Saved entries:
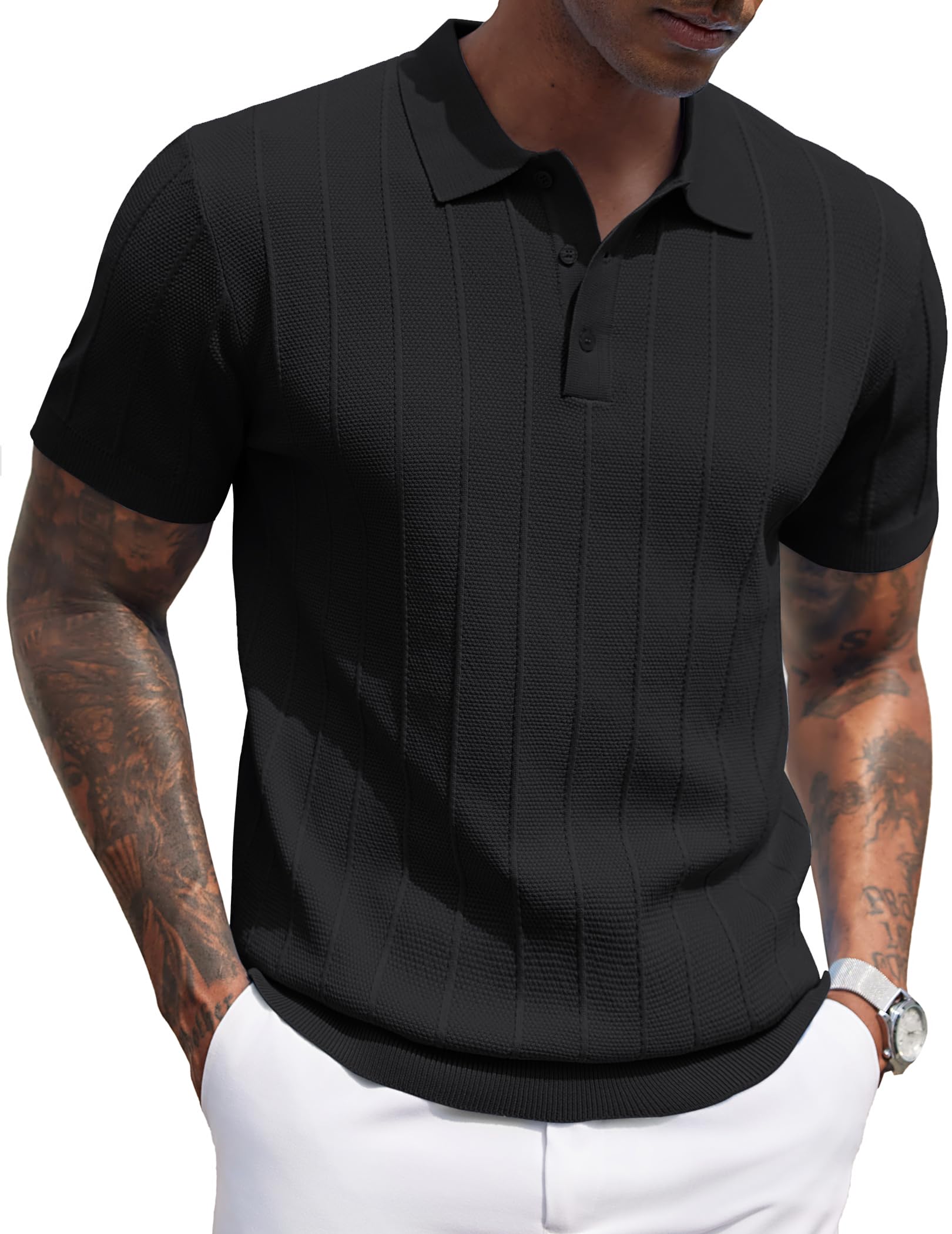 Mens Knit Polo Shirts Short Sleeve Ribbed Textured Polo Shir...
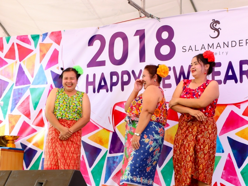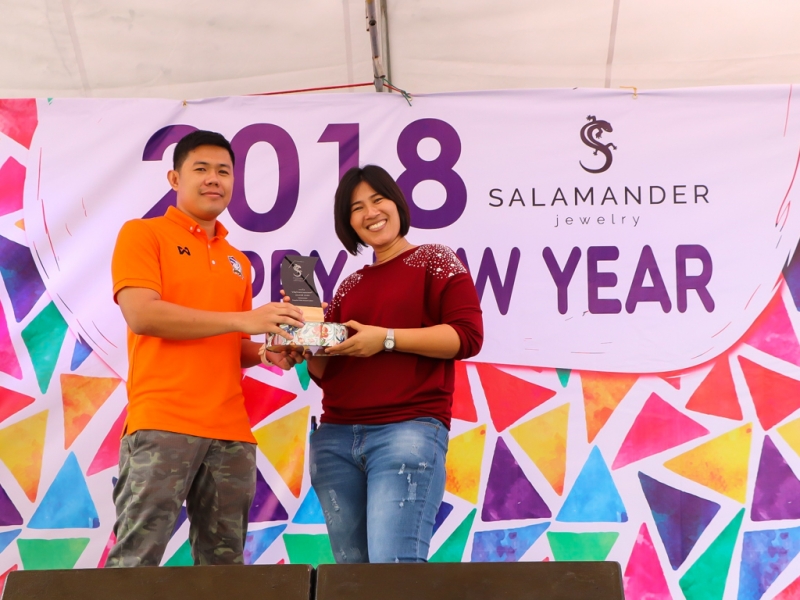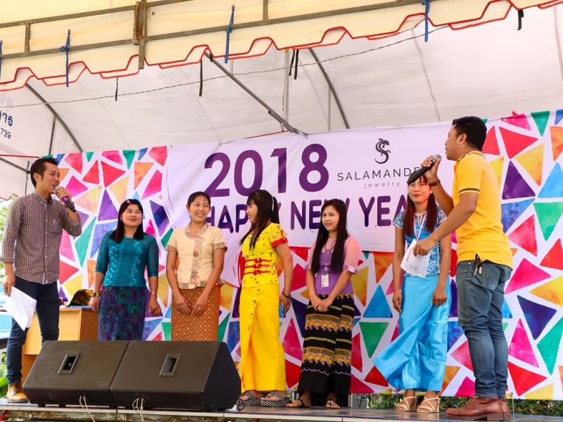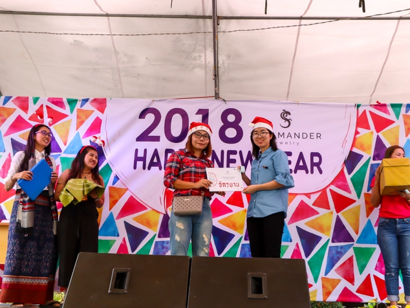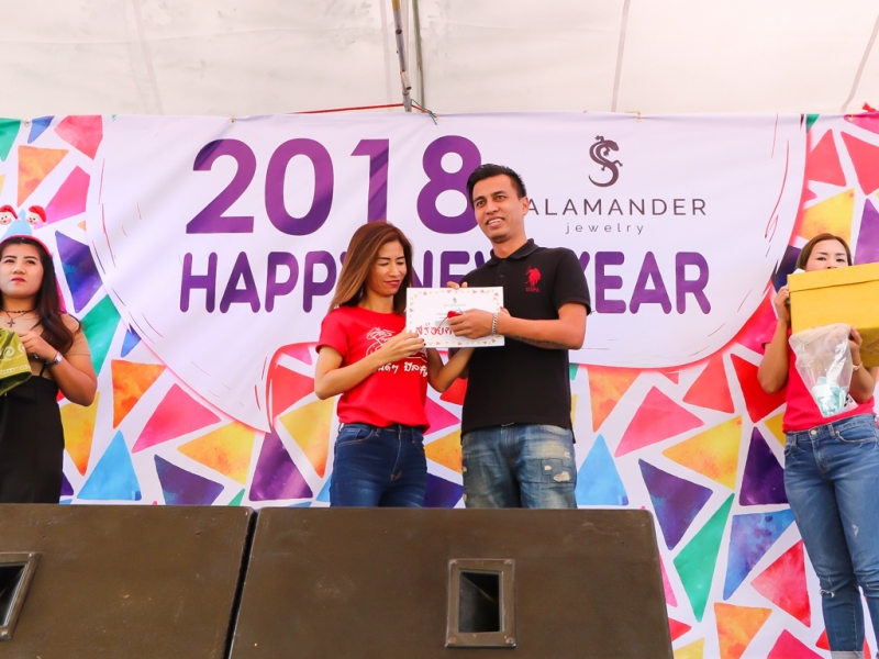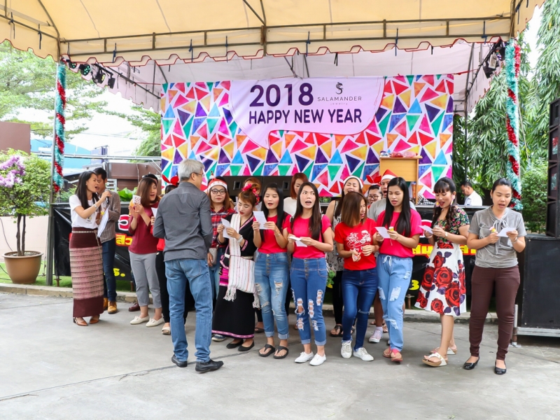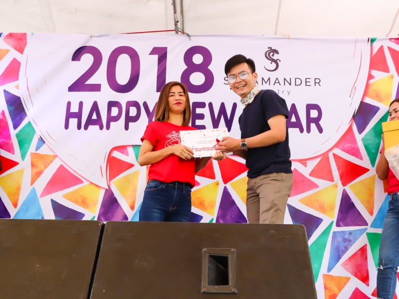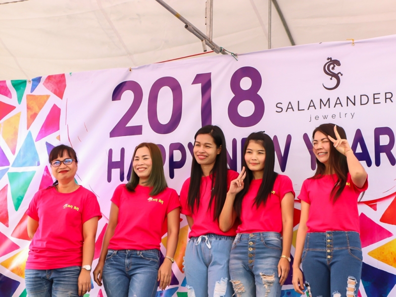 บริษัท สลาแมนเดอร์ จิวเวอรี่ จำกัด ได้จัดกิจกรรมจัดเลี้ยงสังสรรค์ส่งท้ายปีเก่าต้อนรับปีใหม่ ประจำในแต่ละปี เพื่อเป็นการสร้างบรรยากาศผ่อนคลาย และความสนุกสนานให้กับพนักงานในบริษัทฯ หลังจากได้ทุ่มเทแรงกายแรงใจให้กับการทำงานมาอย่างเต็มที่ตลอดทั้งปี ทางบริษัทฯ จึงได้จัดเตรียมของขวัญพิเศษ และของขวัญอื่น ๆ อีกมากมาย เพื่อทำการจับฉลาก แจกของรางวัลให้แก่พนักงานทุกคน นอกจากนั้นยังมีการจัดเลี้ยงอาหาร (โต๊ะจีน) ให้พนักงานได้อิ่มหน่ำสำราญพร้อมที่จะลุยงานกันต่อไป
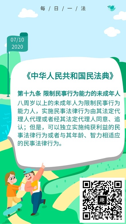 八周岁以上的未成年人为限制民事行为能力人,实施民事法律行为由其法定代理人代理或者经其法定代理人同意、追认;但是,可以独立实施纯获利益的民事法律行为或者与其年龄、智力相适应的民事法律行为。
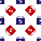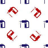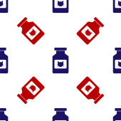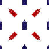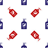 Niebieski i czerwony Szklana butelka z ikoną wódki odizolowany bezszwowy wzór na białym tle. Wektor.
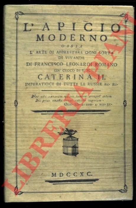 LOdi, Studio Bibliografico Zazzera, 1999 (anastatica dell'edizione del 1790) sei volumi in-8vo (cm. 13,5 x 21) cartonato con sovraccopertina illustrata, pp. (10)-VIII-259 + LXX-248 + 350 + 327 + XVI-290 + 325. Tiratura di 500 esemplari numerati. In stato di nuovo. Con la stampa dell'Apicio Moderno nel 1790, Leonardi sfida i francesi sul loro stesso terreno e rivela che in ogni città europea è possibile apparecchiare una tavola principesca, superando i modelli e inventando nuovi piatti. E' infatti ai cuochi delle corti e delle case italiane che l'opera si indirizza, adattando all'italiano il lessico professionale e i titoli delle ricette parigine. Il cosmopolitismo di Leonardi gli consente di dimostrare come sia duttile il modello francese, o almeno, come possa essere adeguato alle esigenze e alla borsa di semplici famiglie e di modeste fortune. Passando dallo stile aristocratico a quello borghese e da questo risalendo al precedente, ristudia le ricette in funzione delle produzioni locali, dei mercati e dei commerci. L'Apicio è la somma di tutte queste esperienze, il diario di un cuoco-viaggiatore e di una cuoca di locanda, di uno chef moderno e di uno scalco antico.
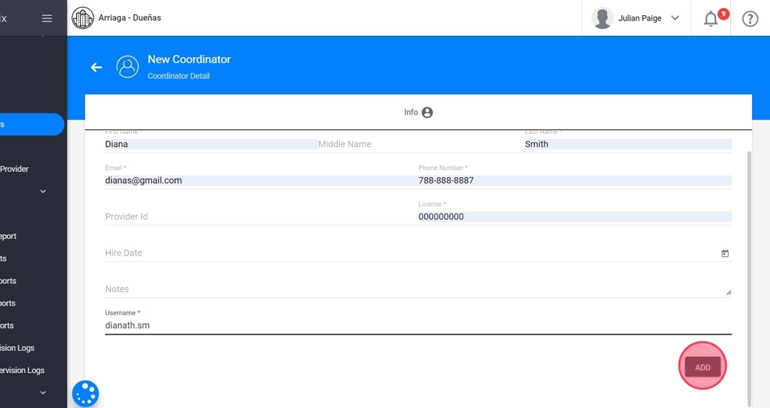 5. After all the fields are completed, the “Add” button, located at the bottom right, is pressed to complete the introduction of a new coordinator to the system. It is seen in the image.
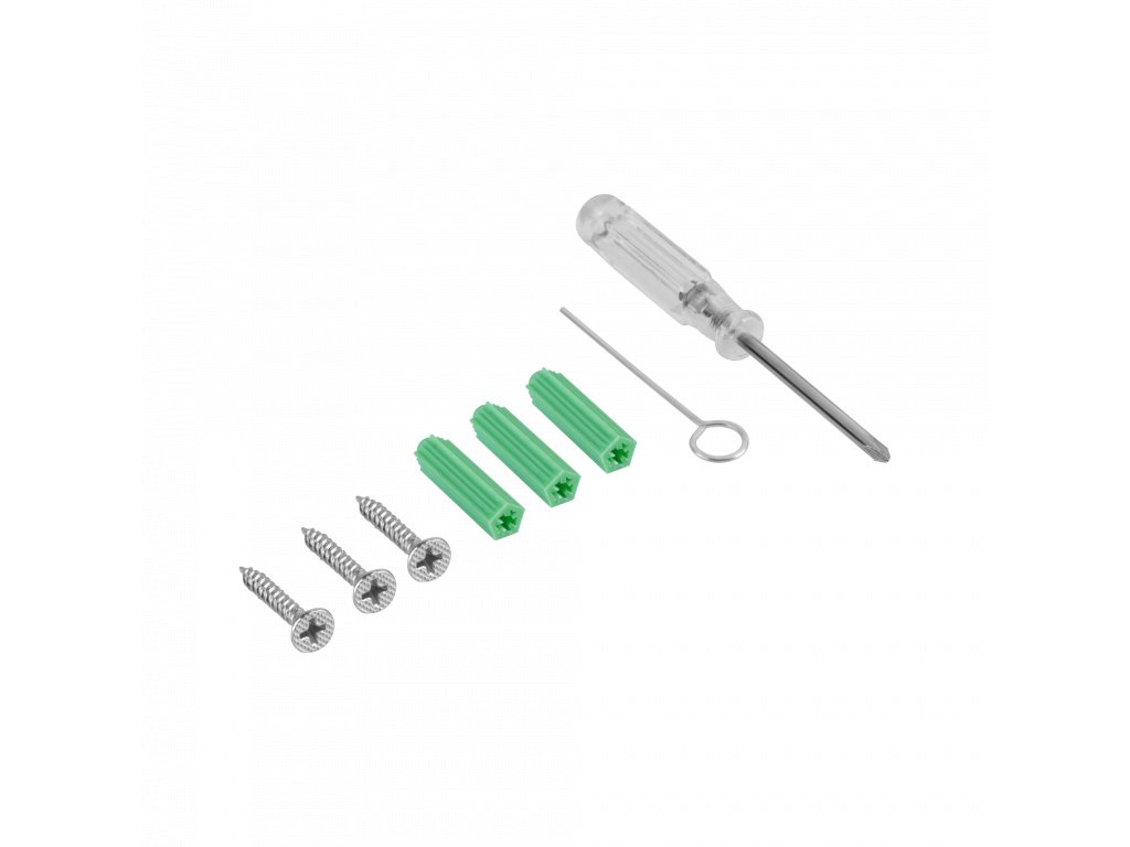 Súčasťou balenia: sieťový adaptér (1 m), montážne kolíky, skrutky, kľúč
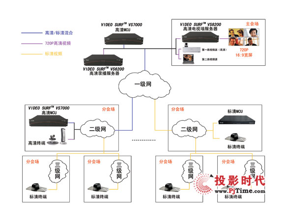 天地陽光通信技術(shù)(北京)有限公司全新推出VIDEO SURFTM 系列全線高清產(chǎn)品,其中高清視頻會議多點(diǎn)控制單元MCU,通過專門為級聯(lián)會議推出的業(yè)內(nèi)獨(dú)創(chuàng)的互控級聯(lián)模式,解決了上述用戶需求問題。通過級聯(lián)方式極大地擴(kuò)充了視頻會議系統(tǒng)的容量,滿足超大型高清視頻會議的需求。通過分上、下級的分級組網(wǎng)方式,滿足用戶分級管理,節(jié)約帶寬等需求。級聯(lián)過程中一個管理員要操作十幾臺MCU,或者十幾臺MCU
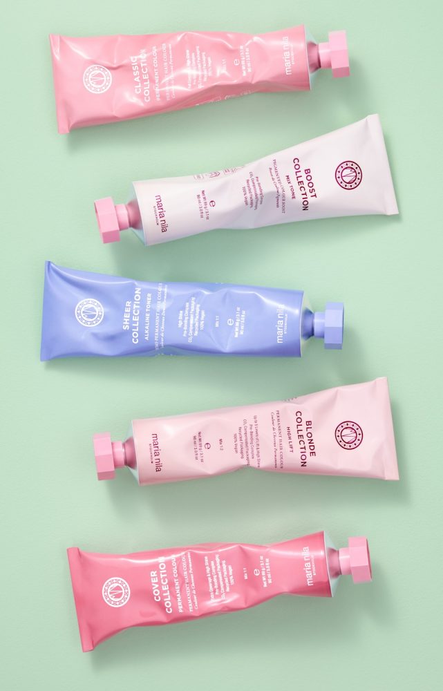 The entire Maria Nila Color Collection is a comprehensive professional colour system that includes permanents, demi-permanents, developers, and supporting products. It is designed to serve Maria Nila salons with a full back-bar concept.
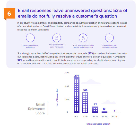 Аналитики хотели узнать, предоставляют ли компании информацию с правилами отмены или изменения поездки, с доступностью и вариантами страхования и другими уточняющими фактами. Удивительно, но более половины компаний, ответивших на электронные письма (53%), не включили в ответ ключевую информацию, которая могла бы помочь пользователю.
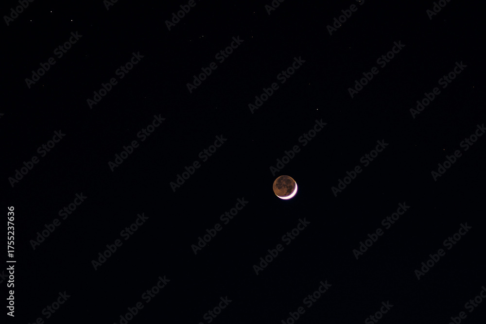 Night sky with moon. Detailed crescent moon with illuminated edge and surface
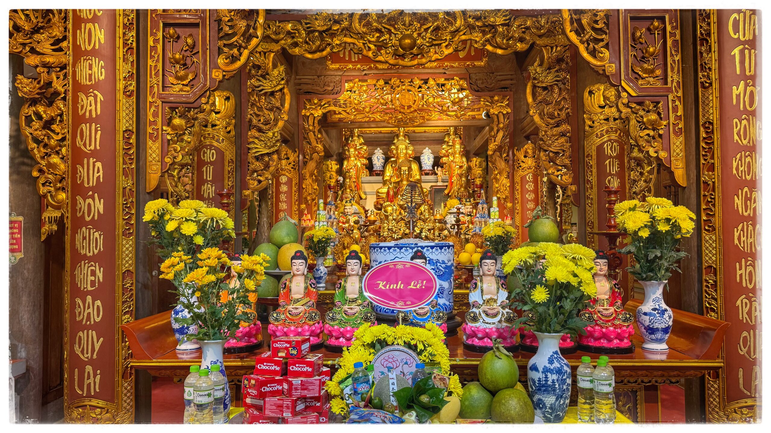 - un sanctuaire principal orné de statues de Bouddha dorées.
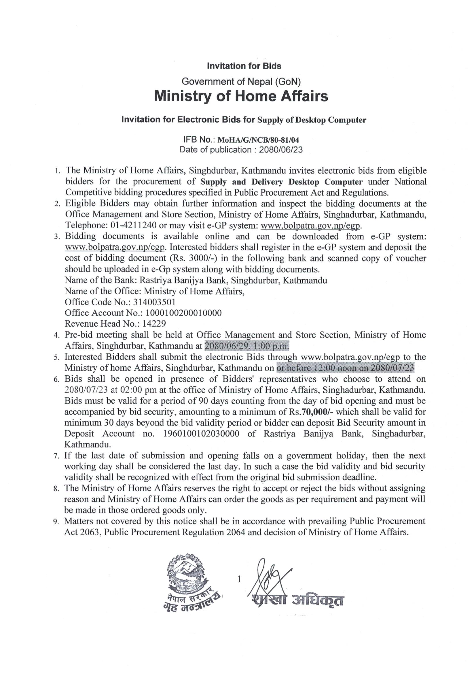 Desktop Computer खरिद सम्बन्धी बोलपत्र आव्हानको सूचना

## Work request
Beginning with the first line of the records and ending with the line that contains "Niebieski i czerwony", reproduce every line exactly, omitting pictures and adding nothing.

## Problem solution
 Mens Knit Polo Shirts Short Sleeve Ribbed Textured Polo Shir...
 บริษัท สลาแมนเดอร์ จิวเวอรี่ จำกัด ได้จัดกิจกรรมจัดเลี้ยงสังสรรค์ส่งท้ายปีเก่าต้อนรับปีใหม่ ประจำในแต่ละปี เพื่อเป็นการสร้างบรรยากาศผ่อนคลาย และความสนุกสนานให้กับพนักงานในบริษัทฯ หลังจากได้ทุ่มเทแรงกายแรงใจให้กับการทำงานมาอย่างเต็มที่ตลอดทั้งปี ทางบริษัทฯ จึงได้จัดเตรียมของขวัญพิเศษ และของขวัญอื่น ๆ อีกมากมาย เพื่อทำการจับฉลาก แจกของรางวัลให้แก่พนักงานทุกคน นอกจากนั้นยังมีการจัดเลี้ยงอาหาร (โต๊ะจีน) ให้พนักงานได้อิ่มหน่ำสำราญพร้อมที่จะลุยงานกันต่อไป
 八周岁以上的未成年人为限制民事行为能力人,实施民事法律行为由其法定代理人代理或者经其法定代理人同意、追认;但是,可以独立实施纯获利益的民事法律行为或者与其年龄、智力相适应的民事法律行为。
 Niebieski i czerwony Szklana butelka z ikoną wódki odizolowany bezszwowy wzór na białym tle. Wektor.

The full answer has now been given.